_Exercise requirements_.
Print exactly the first lines of the records. Stop after the line containing "Ohut ketju, jossa", and leave every picture out.

START Provided data

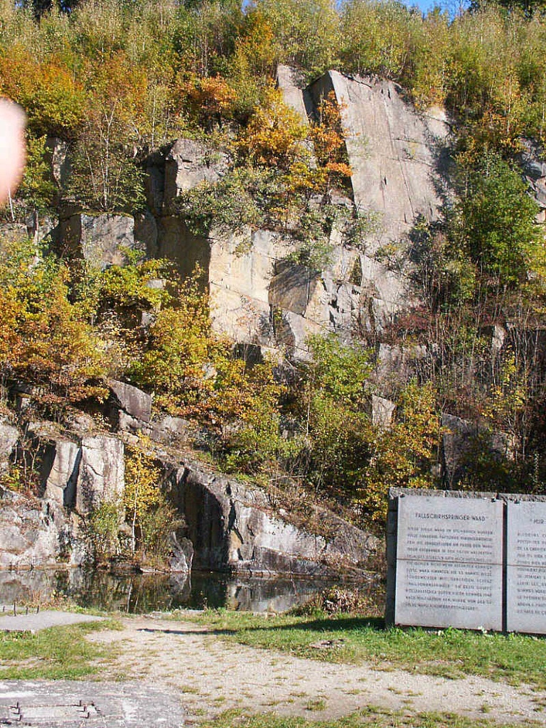 Mauthausen. Fallschirmspringerwand. Tady se shazovali vězni do propasti navzájem podle rozkazu SS-manů.
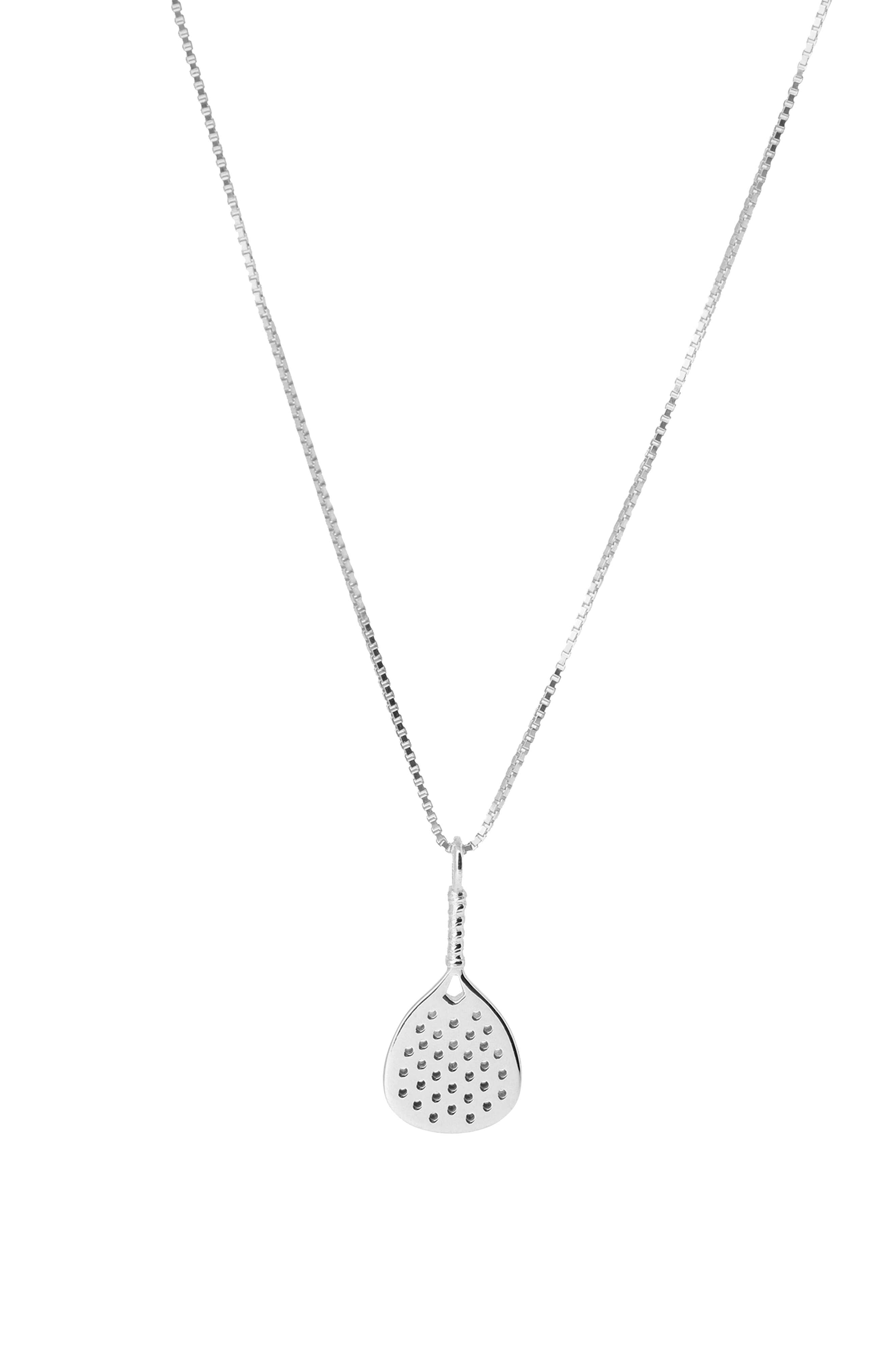 Ohut ketju, jossa pieni padelmailan muotoinen riipus. Hopeanvärinen Sterling-hopeaa ja kullanvärinen 18 karaatin kullattua messinkiä.Riipuksen koko 10 x 23 mm.
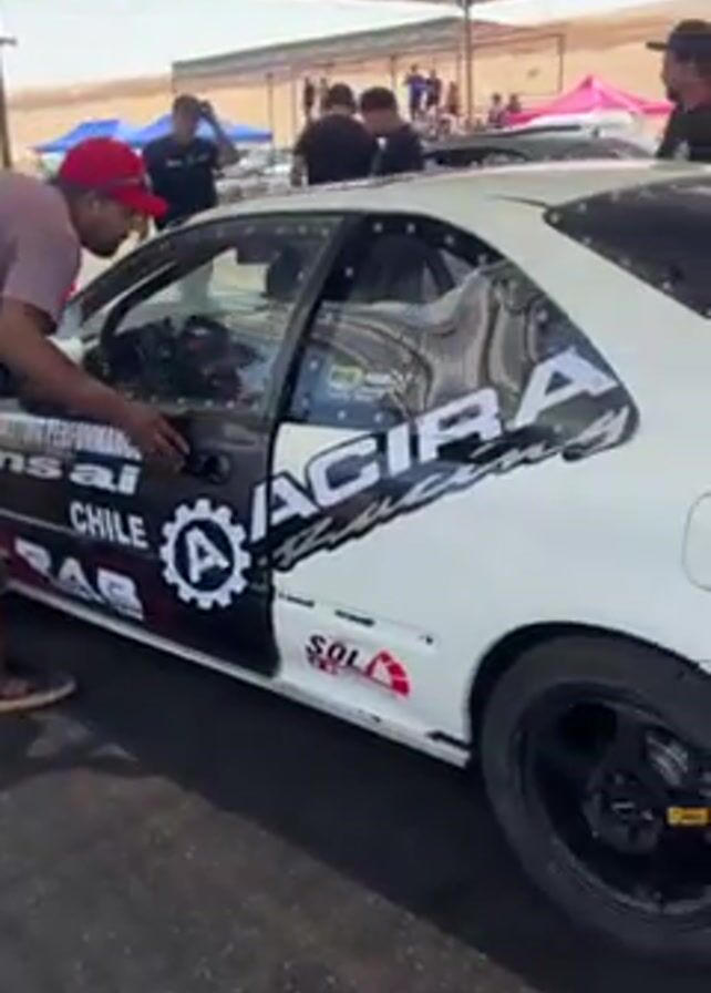Here's a detailed description of the video: The video shows a white Honda Civic race car, heavily modified with decals and racing parts, at a drag strip. The car has a roll cage visible through the window, indicating it's designed for racing. Decals such as "ANSIA Performance Chile," "CHULZ Renewable," and others are visible on the car's body. A large exhaust outlet is present at the rear. The car has a Japanese license plate. Around the car, people are standing and observing. Some are wearing t-shirts and caps, suggesting they are part of the pit crew or spectators. The setting is an outdoor race track on a sunny day, with tents and support vehicles visible in the background.
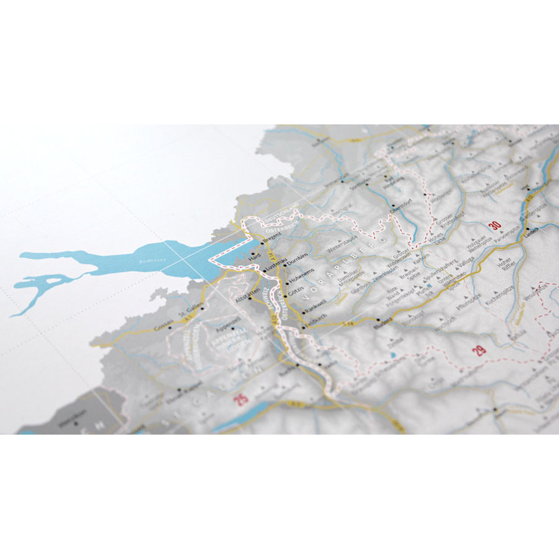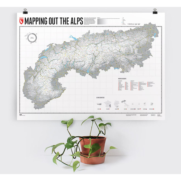 La estructura básica de nuestro mapa está formada por curvas de nivel con una separación de 250 metros. De este modo, el mapa tiene un aspecto plástico y reproduce bien la topografía de los Alpes. Además de las fronteras de los ocho países alpinos y sus regiones, se han marcado las carreteras, los puertos de montaña y los ríos más importantes, así como las ciudades y las montañas como puntos de referencia. En el mapa también están marcadas las fronteras de las regiones de cada país alpino. En el mapa están marcados y enumerados 63 grupos montañosos de los Alpes según la definición de Paul Zahn.
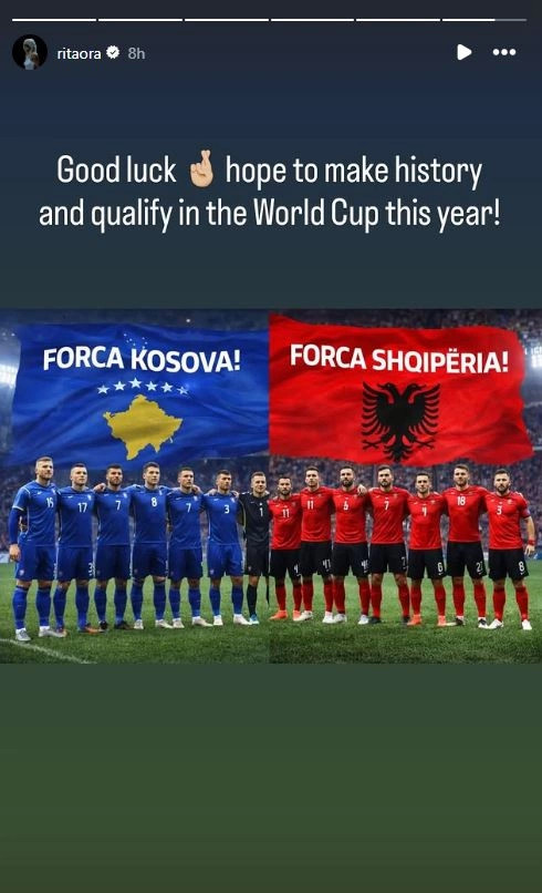 Letër lexuesit — pse po kërkojmë mbështetjen tuaj KontribuoKëngëtarja shqiptare me famë botërore, Rita Ora, ka bërë një postim në Instagram duke treguar përkrahje për kombëtaret e Kosovës dhe atë të Shqipërisë të cilat do të luajnë sot në gjysmëfinalen e plejofit kualifikues për Kupën e Botës 2026.
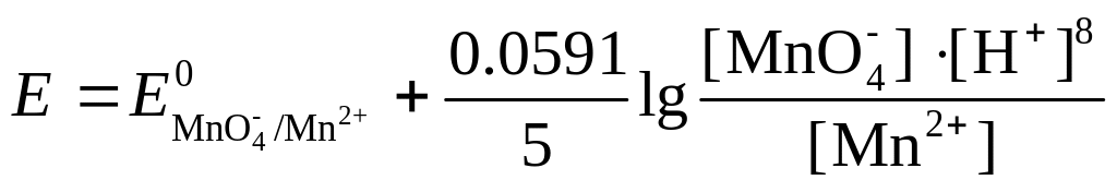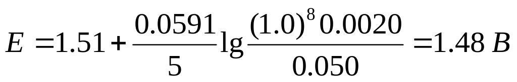 Следует заметить, что в уравнение Нернста входят молярные концентрации, а не нормальности растворов. В рассматриваемой реакции для частиц, содержащих марганец, молярность равна одной пятой нормальности раствора.
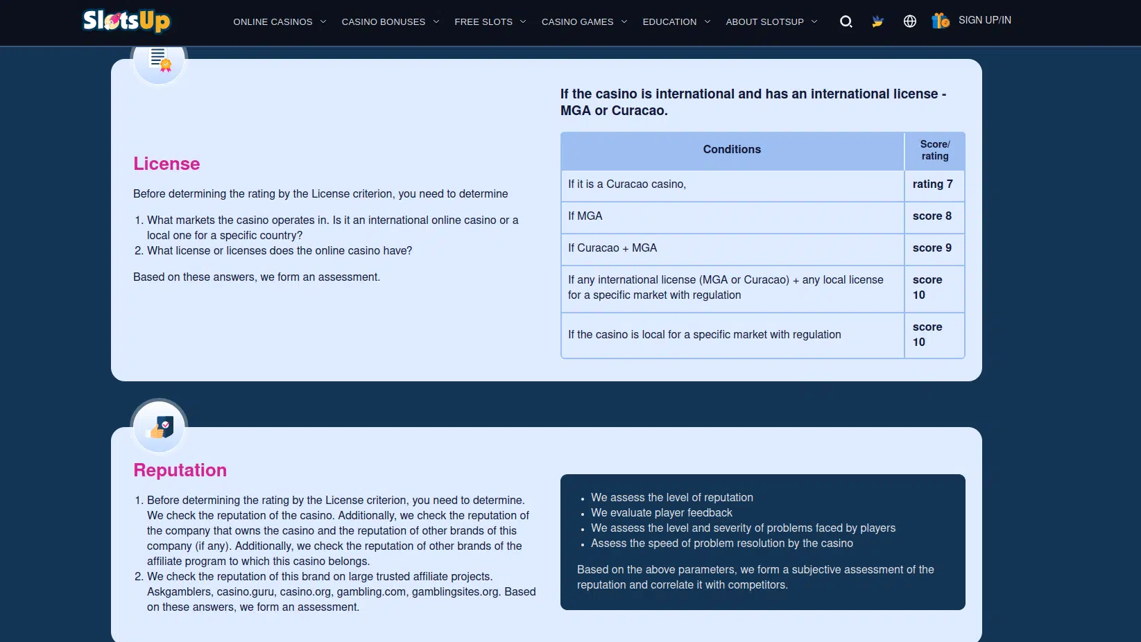 - Clear scoring criteria. Casinos are rated using transparent benchmarks, such as license validity, payout methods, customer grievances, and game fairness.

END Provided data

_Exercise result_.
 Mauthausen. Fallschirmspringerwand. Tady se shazovali vězni do propasti navzájem podle rozkazu SS-manů.
 Ohut ketju, jossa pieni padelmailan muotoinen riipus. Hopeanvärinen Sterling-hopeaa ja kullanvärinen 18 karaatin kullattua messinkiä.Riipuksen koko 10 x 23 mm.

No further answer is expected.